Blackest Cloud installation.

Blackest Cloud installation.


The 2016 Cell Series is sponsored in part by Susie and Joe Clack, Tom Jones Fine Art, Amy and Patrick Kelly, Juli and Mac McGinnis, Talley Dunn Gallery, Kathy Webster in Memory of Charles H. Webster, and Anonymous. 

 The Cell Series presents living artists and their work. It offers a rare opportunity to encounter work that is attempting to interpret and translate the world we universally experience in unique and surprising ways. The founders of the Old Jail Art Center were passionate about supporting and showing living artists and their work—the museum continues this important mission with the Cell Series.

Patrick Kelly, the Old Jail Art Center’s Director and Curator, email interview with artist Dan Phillips.  (August 2016)

PK:  When did you first become interested in designing and making furniture?  

DP:  That would be after I was in furniture making school. I wanted to learn all the woodworking tricks so that I could make art. Once I was there, I became infatuated with furniture. And that became my focus. Since then, I think I have made four or five sculptures.

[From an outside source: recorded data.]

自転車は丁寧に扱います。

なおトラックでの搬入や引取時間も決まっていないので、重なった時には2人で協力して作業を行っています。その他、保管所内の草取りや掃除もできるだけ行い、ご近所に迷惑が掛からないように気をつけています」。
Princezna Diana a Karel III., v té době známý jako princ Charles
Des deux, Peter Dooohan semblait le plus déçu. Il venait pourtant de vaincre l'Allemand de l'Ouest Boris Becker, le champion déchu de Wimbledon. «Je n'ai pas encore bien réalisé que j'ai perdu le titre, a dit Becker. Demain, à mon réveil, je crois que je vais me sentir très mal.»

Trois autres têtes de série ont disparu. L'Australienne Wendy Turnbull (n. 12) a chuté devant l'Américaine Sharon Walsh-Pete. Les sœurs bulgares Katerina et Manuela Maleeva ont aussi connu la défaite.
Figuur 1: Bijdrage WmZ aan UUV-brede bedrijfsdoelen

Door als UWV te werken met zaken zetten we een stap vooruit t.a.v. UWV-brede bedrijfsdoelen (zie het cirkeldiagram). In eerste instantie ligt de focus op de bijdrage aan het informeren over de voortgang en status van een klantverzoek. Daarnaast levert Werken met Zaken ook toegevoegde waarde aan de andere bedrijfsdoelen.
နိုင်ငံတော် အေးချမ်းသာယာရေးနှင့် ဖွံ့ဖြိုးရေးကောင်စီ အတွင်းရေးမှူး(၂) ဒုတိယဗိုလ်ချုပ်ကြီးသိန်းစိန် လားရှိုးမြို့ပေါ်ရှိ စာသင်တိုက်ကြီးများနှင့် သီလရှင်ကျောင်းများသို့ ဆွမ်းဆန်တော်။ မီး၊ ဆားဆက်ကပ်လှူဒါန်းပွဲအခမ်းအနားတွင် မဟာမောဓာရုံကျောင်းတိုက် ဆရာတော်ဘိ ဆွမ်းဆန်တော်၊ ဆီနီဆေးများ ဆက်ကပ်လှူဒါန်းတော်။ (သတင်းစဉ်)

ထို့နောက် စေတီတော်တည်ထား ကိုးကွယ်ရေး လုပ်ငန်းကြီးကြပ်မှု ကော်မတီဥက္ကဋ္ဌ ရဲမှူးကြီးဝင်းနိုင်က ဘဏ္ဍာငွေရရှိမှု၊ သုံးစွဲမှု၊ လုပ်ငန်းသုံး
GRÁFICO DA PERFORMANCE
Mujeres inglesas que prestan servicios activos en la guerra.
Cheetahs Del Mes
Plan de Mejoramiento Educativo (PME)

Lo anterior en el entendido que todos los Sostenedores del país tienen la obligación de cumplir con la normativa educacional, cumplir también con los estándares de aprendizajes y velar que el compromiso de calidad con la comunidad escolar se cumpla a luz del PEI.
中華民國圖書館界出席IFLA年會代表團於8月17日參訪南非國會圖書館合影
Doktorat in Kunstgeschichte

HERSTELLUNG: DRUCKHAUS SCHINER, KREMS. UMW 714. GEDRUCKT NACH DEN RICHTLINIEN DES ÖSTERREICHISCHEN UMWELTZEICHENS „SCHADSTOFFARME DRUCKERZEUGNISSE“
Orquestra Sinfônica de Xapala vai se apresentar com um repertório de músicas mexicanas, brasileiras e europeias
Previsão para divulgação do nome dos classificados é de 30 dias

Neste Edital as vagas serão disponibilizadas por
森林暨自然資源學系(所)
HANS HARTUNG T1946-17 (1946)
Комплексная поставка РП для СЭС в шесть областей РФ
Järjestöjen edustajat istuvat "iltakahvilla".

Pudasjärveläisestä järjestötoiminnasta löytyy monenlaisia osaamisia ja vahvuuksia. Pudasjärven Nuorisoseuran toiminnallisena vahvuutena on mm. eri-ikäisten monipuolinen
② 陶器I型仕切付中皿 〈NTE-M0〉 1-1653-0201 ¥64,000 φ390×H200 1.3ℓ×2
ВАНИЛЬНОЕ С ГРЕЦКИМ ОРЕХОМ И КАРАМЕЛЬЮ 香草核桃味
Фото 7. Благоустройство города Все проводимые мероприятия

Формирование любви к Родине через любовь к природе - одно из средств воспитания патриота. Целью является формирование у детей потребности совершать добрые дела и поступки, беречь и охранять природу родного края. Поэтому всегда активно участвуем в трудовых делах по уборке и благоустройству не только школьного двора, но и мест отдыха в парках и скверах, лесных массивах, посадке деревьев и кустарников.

PK:  So if I understand, in 2005 you went to Boston’s North Bennet Street School in the hope you would learn specific skills to make sculpture? 

DP:  More or less. I wanted to make wood sculptures and I wanted them to be skillfully made. One of my favorite artists is HC Westermann. The pieces of his I like the most incorporate fancy woodworking. So he was sort of my inspiration to learn and use all of that stuff in my artwork. 

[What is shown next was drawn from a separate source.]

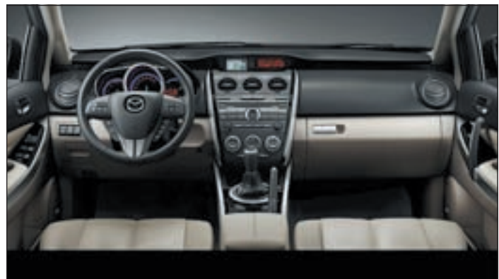
Ein schicker Innenraum ziert den Mazda CX-7

kümmern, es wird im Rahmen der Inspektionen nachgefüllt. Der Euro-5-Diesel ist eine vernünftige Alternative zum Ottomotor im CX-7. Die Maschine ist recht leise und hängt ab etwa 2.000 Touren spritzig am Gas. Sie beschleunigt den großen Mazda gefühlt schneller als die 11,5 Sekunden, die der Wagen laut Werksdatenblatt bis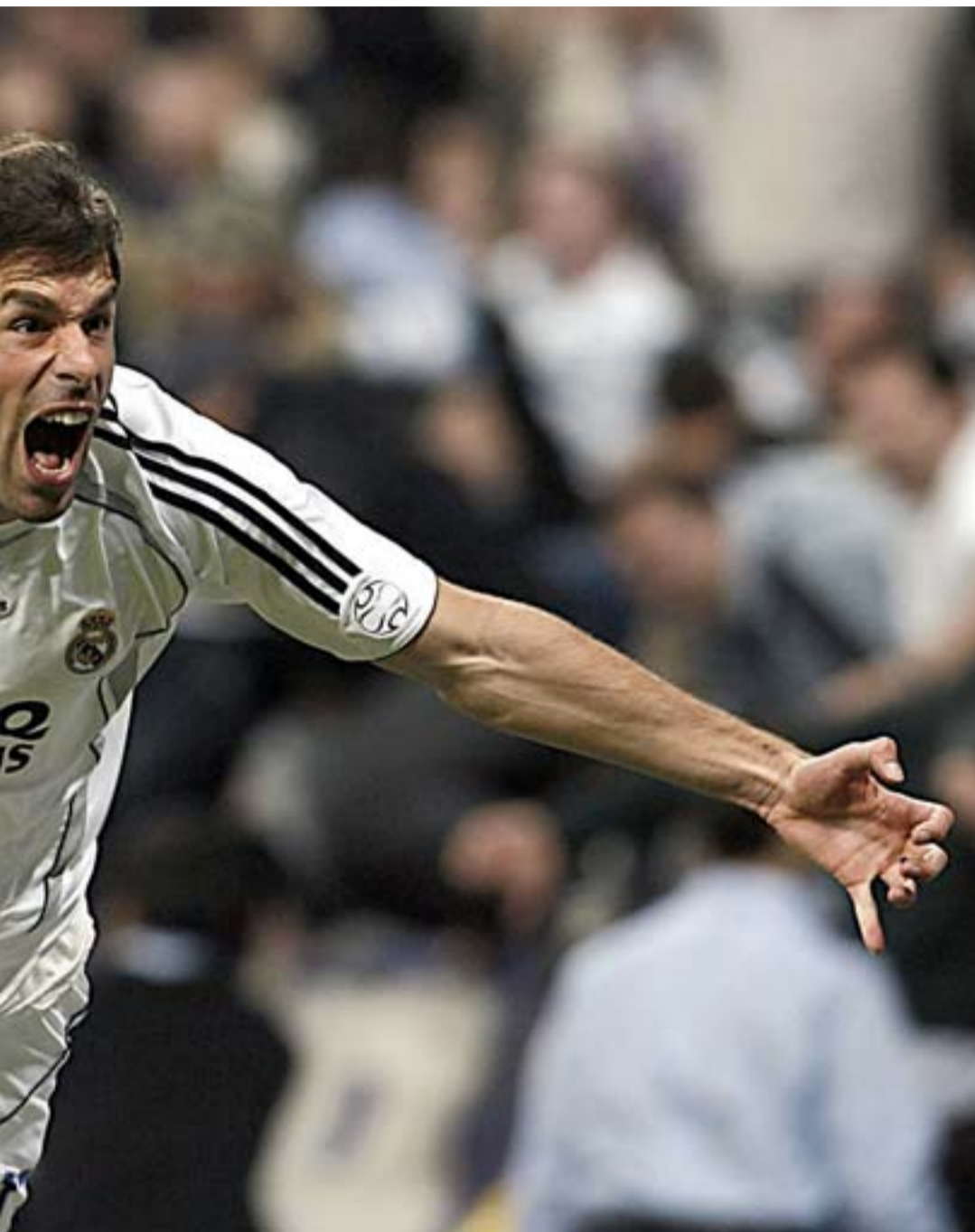
contra el Sevilla, en el estadio Santiago Bernabéu.

PK:  I saw a retrospective of Westerman’s work years ago that was fantastic. I can see his sculptural work as an influence. So you learned the craft and perfected skills; what kept you on the track of primarily making furniture and not applying those skills to “art” sculpture?

DP:  Frankly speaking, I could make furniture for a living. And it feels like art. There is a lot of “art” that goes into making furniture. Drawing for one. Which is one of my favorite parts of the whole process. And then ultimately turning that drawing into a real thing. I'd still like to make sculptures but in the meantime this will do. 

PK:  That’s one thing that intrigues me about your work…that you don’t differentiate between what some people would call craft (furniture making) and art (your paintings/drawings). Even your preparatory furniture drawings have elements incorporated that you would not normally see in a technical drawing.  Do you consciously mix disparate elements or does it just naturally happen so that each has a dialogue with one another?

DP:  I definitely get more artsy with my drafting than is necessary. I think that's just me wanting it to look cool as well as be functional. But really it's all coming from the same place in my mind. So I think it's natural to see the parallels between the two. 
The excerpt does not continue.